'This changes everything', Naomi Klein famously says of climate change.
Has it yet changed us? How have antimilitarist movements responded to the challenge of current and future climate change? It's a challenge that, yet again, uncovers enormous global power inequalities, with the activities of industrialised nations actively destroying communities all around the world, and especially in the global South, who have barely contributed to this problem. Industrialised nations in the north are turning to their militaries maintain the status quo (see our recent edition of The Broken Rifle on border militarisation).
And how do we weigh this enormous consideration – not one our antimilitarist predecessors have previously had to consider – against the other urgent world-changing work we are called to do? How do we work towards a 'climate lens', in which environmental activism does not overtake the liberation struggles of feminists, people of colour, queer groups, indigenous people and others, or the system-change work of antimilitarists, but is understood and incorporated within all of them?
After all, the disrespect The Machine has for the earth is mirrored in the disregard it's had for all of those humans and other species who lose out in this militarised, capitalist system.
We hope you get some food for thought in this edition of The Broken Rifle.
We chose the theme of climate change and antimilitarism for this edition during the Paris climate conference last December - a meeting that, on the surface, seemed to mark a shift in how governments are dealing with environmental crisis. This is the first edition of The Broken Rifle on this topic, though other editions have looked at different intersections between militarism and the environment, such as militarised and colonising extractive industries, land-grabbing and militarism, and how climate change and energy security relate to the arms trade.
This edition is in three parts. Firstly, we explore military and state approaches – seeing how militaries are a driver of climate change, and are embracing militarised solutions to it. Suad Badri looks at the flourishing 'activism academia' in Sudan, and their take on the links between conflict and climate change across the Horn of Africa. Shin Soo Yeon from Green Korea United and Cristóbal Orellana González from Red Antimilitarista y Noviolenta de Andalucía describe the adverse environmental impacts of military activity in Korea and Spain respectively. To end the section, Nick Buxton asks whose future it is that is being secured by militarised responses to climate insecurity, and cautions against the drift towards hawkish responses to climate change.
Secondly, we look at the connections between climate change and antimilitarism, with Quincy Saul's 'Towards an ecosocialist horizon', Milan Rai on Just Transition, and an author focusing on the anthropocentric roots of both environmental disaster and militarism, in Animal agriculture: the concealed cause of climate change.

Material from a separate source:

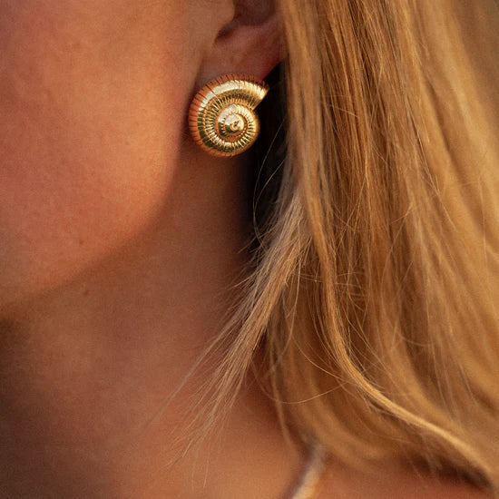 The Ariana Shell Earrings capture the essence of the ocean's timeless beauty. Inspired by seashells, these spiraling forms evoke the calming rhythm of waves, each curve reminiscent of ancient tides. Available in both gold and silver finishes, they bring a natural elegance that feels both earthy and opulent.

Finally, we look at movement and activist responses to climate change. Ron Ridenour calls for greater connection between peace and environmentalist struggles, and Adi Winter describes the need for understanding the connection between different types of violence – for example against humans, non-human creatures, and the earth itself - in 'Blood is Blood'. We then finish with some inspiring examples of activism that has connected environmental and antimilitarist concern: Jo Ram explores the use of the tactic of calling for divestment from fossil fuels companies, especially in the UK; Arni describes the work of EcoMe, an 'intercultural living experiment' in the West Bank, and we end with an inspiring interview with Samantha Hargreaves from WoMin, a network of African women working on extractive industries and gender across the continent.